それは、私が王女だった頃に仕えてくれていた使用人たちの顔ぶれだった。私は苦笑する。私だって今まで恐れていた人間が同僚になったら怖い。
「どうかしたの? ヴィヴィアンヌさん」
「いえ、なんでもありません」
イネス先輩は隣国出身だ。彼が余計な諍いを避ける為に、王女を恨んでいるであろうカサハイン国の者ではなく隣国のイネス先輩が選ばれた。
私としても、イネス先輩は私に『怯え』という感情は抱いていても『恐怖』という感情はないようなのでやりやすい。
そして、まず向かったのは真っ白なシーツが沢山積まれている部屋だった。
「ここで、シーツを取っていくんです」
小さいシーツから大きいシーツまで沢山あり、私は圧倒される。
「えっと、じゃあこの枕用シーツと、布団用と、ベッド用と……」
「はい」
一個のベッドでも何枚もシーツを使う。だから私もイネス先輩も目の前が見えづらくなるくらいのシーツを籠に積んだ。
「じゃ、じゃあ行こうか。……でも本当に大丈夫? 私もうちょっと持てるよ?」
「全然平気ですっ」
正直重いし前もよく見えないし辛かったが、同じ物をイネス先輩が持っているのだから私も頑張りたかった。
ヨロヨロとなりながら、私は歩き続ける。足元しか見てないので、道案内はイネス先輩の声が頼りだ。

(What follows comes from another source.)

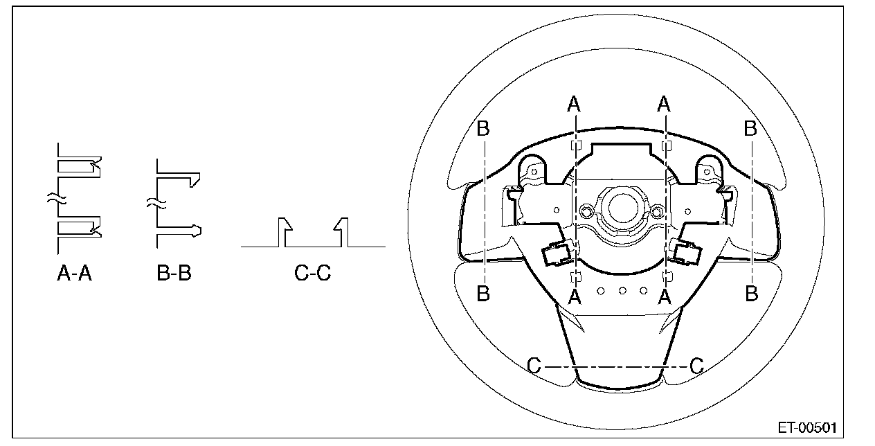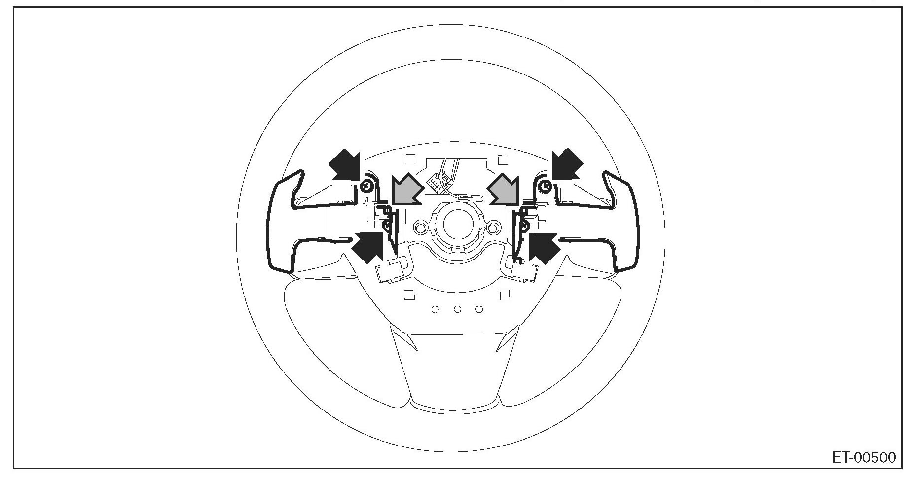 1) Remove the screw, disconnect the connector and remove the paddle shift switch. (Model with paddle shift)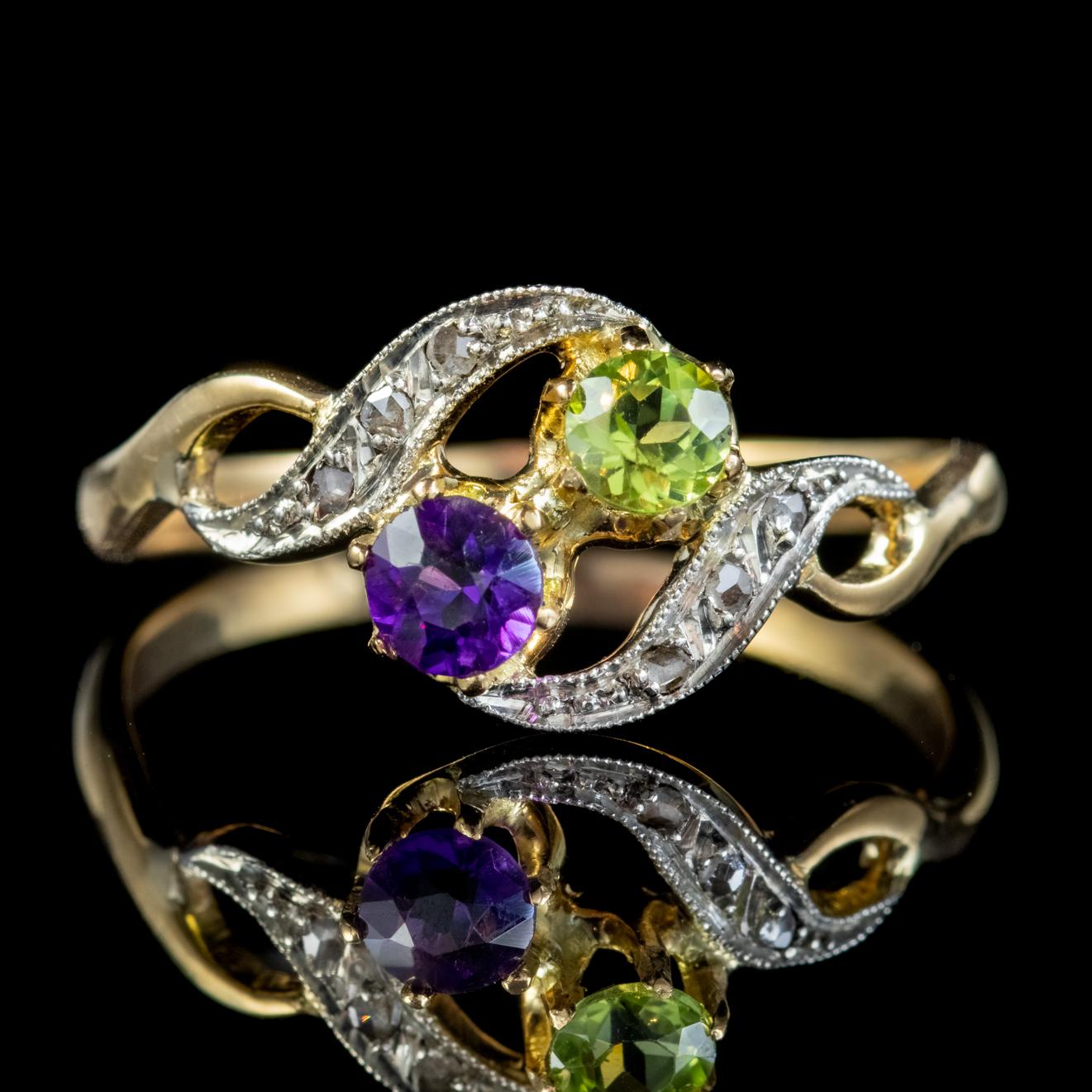 Antique French Suffragette Twist Ring 18ct Gold Amethyst Diamond Peridot Circa 1915

だから耳に意識を集中させていると「ヴィヴィアンヌさん、前……!」とイネス先輩の声が聞こえた。
「え……きゃっ」
なにかにボヨンと当たる。当たった拍子にシーツの山が崩れ顔にかかり藻掻いていると、誰かが籠の上に戻してくれた。
そして、乱れた髪を直すようにスルリと頭を撫でられる。
「頑張っていますね」
四年間聞き続けた声が、頭上から降り注いだ。